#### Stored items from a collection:
------------------------------

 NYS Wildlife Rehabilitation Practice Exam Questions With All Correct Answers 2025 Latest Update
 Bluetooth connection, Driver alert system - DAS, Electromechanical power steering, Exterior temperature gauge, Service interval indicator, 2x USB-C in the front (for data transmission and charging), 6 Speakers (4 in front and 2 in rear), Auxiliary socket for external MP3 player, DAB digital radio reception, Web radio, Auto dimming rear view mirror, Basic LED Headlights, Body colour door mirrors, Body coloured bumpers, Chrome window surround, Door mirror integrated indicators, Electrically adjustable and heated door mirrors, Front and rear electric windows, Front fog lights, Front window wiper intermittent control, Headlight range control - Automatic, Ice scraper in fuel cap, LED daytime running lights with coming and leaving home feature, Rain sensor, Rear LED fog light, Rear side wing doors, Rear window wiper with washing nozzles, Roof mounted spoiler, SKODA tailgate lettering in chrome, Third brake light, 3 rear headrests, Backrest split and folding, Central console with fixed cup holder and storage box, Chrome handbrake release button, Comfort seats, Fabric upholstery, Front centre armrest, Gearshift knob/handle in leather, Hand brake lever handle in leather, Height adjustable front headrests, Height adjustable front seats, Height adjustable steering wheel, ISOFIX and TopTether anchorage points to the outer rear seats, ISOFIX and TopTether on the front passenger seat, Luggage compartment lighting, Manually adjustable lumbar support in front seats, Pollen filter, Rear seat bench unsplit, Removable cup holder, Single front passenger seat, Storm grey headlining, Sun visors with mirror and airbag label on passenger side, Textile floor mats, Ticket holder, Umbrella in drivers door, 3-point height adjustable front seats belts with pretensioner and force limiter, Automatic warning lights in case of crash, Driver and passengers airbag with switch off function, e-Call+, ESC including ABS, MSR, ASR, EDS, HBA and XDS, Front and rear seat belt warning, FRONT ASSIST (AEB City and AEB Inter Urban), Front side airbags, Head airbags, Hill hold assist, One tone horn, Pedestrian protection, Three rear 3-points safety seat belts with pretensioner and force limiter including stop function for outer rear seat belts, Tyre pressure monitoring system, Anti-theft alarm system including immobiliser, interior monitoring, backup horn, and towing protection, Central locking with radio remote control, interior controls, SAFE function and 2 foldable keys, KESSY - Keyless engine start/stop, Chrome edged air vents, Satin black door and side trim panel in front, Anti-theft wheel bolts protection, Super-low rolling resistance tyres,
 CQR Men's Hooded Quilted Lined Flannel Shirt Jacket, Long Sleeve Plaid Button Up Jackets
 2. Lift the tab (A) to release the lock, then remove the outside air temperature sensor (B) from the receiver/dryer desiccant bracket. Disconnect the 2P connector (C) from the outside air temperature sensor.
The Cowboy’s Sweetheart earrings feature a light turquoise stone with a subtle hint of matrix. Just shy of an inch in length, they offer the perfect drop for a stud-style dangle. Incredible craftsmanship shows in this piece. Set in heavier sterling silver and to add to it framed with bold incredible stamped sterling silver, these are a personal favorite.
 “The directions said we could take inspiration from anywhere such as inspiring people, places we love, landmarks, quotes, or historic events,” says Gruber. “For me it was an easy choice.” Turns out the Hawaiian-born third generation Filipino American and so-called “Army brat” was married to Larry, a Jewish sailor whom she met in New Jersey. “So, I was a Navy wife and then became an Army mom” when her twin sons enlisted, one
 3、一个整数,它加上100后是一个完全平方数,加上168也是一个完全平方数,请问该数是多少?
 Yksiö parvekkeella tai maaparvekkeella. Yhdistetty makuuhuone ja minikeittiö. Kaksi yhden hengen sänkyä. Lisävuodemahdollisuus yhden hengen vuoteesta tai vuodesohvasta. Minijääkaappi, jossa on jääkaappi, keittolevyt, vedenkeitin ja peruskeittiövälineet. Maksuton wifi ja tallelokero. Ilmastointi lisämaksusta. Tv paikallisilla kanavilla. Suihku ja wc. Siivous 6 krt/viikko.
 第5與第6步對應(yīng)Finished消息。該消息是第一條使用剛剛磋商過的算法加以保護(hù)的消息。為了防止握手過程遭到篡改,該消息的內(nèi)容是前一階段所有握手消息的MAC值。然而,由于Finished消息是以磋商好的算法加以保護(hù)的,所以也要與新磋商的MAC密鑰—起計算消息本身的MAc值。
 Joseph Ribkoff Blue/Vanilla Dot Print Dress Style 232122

------------------------------

#### Exercise directions:
Retype the data in full and match it exactly.

#### Answer space:
 NYS Wildlife Rehabilitation Practice Exam Questions With All Correct Answers 2025 Latest Update
 Bluetooth connection, Driver alert system - DAS, Electromechanical power steering, Exterior temperature gauge, Service interval indicator, 2x USB-C in the front (for data transmission and charging), 6 Speakers (4 in front and 2 in rear), Auxiliary socket for external MP3 player, DAB digital radio reception, Web radio, Auto dimming rear view mirror, Basic LED Headlights, Body colour door mirrors, Body coloured bumpers, Chrome window surround, Door mirror integrated indicators, Electrically adjustable and heated door mirrors, Front and rear electric windows, Front fog lights, Front window wiper intermittent control, Headlight range control - Automatic, Ice scraper in fuel cap, LED daytime running lights with coming and leaving home feature, Rain sensor, Rear LED fog light, Rear side wing doors, Rear window wiper with washing nozzles, Roof mounted spoiler, SKODA tailgate lettering in chrome, Third brake light, 3 rear headrests, Backrest split and folding, Central console with fixed cup holder and storage box, Chrome handbrake release button, Comfort seats, Fabric upholstery, Front centre armrest, Gearshift knob/handle in leather, Hand brake lever handle in leather, Height adjustable front headrests, Height adjustable front seats, Height adjustable steering wheel, ISOFIX and TopTether anchorage points to the outer rear seats, ISOFIX and TopTether on the front passenger seat, Luggage compartment lighting, Manually adjustable lumbar support in front seats, Pollen filter, Rear seat bench unsplit, Removable cup holder, Single front passenger seat, Storm grey headlining, Sun visors with mirror and airbag label on passenger side, Textile floor mats, Ticket holder, Umbrella in drivers door, 3-point height adjustable front seats belts with pretensioner and force limiter, Automatic warning lights in case of crash, Driver and passengers airbag with switch off function, e-Call+, ESC including ABS, MSR, ASR, EDS, HBA and XDS, Front and rear seat belt warning, FRONT ASSIST (AEB City and AEB Inter Urban), Front side airbags, Head airbags, Hill hold assist, One tone horn, Pedestrian protection, Three rear 3-points safety seat belts with pretensioner and force limiter including stop function for outer rear seat belts, Tyre pressure monitoring system, Anti-theft alarm system including immobiliser, interior monitoring, backup horn, and towing protection, Central locking with radio remote control, interior controls, SAFE function and 2 foldable keys, KESSY - Keyless engine start/stop, Chrome edged air vents, Satin black door and side trim panel in front, Anti-theft wheel bolts protection, Super-low rolling resistance tyres,
 CQR Men's Hooded Quilted Lined Flannel Shirt Jacket, Long Sleeve Plaid Button Up Jackets
 2. Lift the tab (A) to release the lock, then remove the outside air temperature sensor (B) from the receiver/dryer desiccant bracket. Disconnect the 2P connector (C) from the outside air temperature sensor.
The Cowboy’s Sweetheart earrings feature a light turquoise stone with a subtle hint of matrix. Just shy of an inch in length, they offer the perfect drop for a stud-style dangle. Incredible craftsmanship shows in this piece. Set in heavier sterling silver and to add to it framed with bold incredible stamped sterling silver, these are a personal favorite.
 “The directions said we could take inspiration from anywhere such as inspiring people, places we love, landmarks, quotes, or historic events,” says Gruber. “For me it was an easy choice.” Turns out the Hawaiian-born third generation Filipino American and so-called “Army brat” was married to Larry, a Jewish sailor whom she met in New Jersey. “So, I was a Navy wife and then became an Army mom” when her twin sons enlisted, one
 3、一个整数,它加上100后是一个完全平方数,加上168也是一个完全平方数,请问该数是多少?
 Yksiö parvekkeella tai maaparvekkeella. Yhdistetty makuuhuone ja minikeittiö. Kaksi yhden hengen sänkyä. Lisävuodemahdollisuus yhden hengen vuoteesta tai vuodesohvasta. Minijääkaappi, jossa on jääkaappi, keittolevyt, vedenkeitin ja peruskeittiövälineet. Maksuton wifi ja tallelokero. Ilmastointi lisämaksusta. Tv paikallisilla kanavilla. Suihku ja wc. Siivous 6 krt/viikko.
 第5與第6步對應(yīng)Finished消息。該消息是第一條使用剛剛磋商過的算法加以保護(hù)的消息。為了防止握手過程遭到篡改,該消息的內(nèi)容是前一階段所有握手消息的MAC值。然而,由于Finished消息是以磋商好的算法加以保護(hù)的,所以也要與新磋商的MAC密鑰—起計算消息本身的MAc值。
 Joseph Ribkoff Blue/Vanilla Dot Print Dress Style 232122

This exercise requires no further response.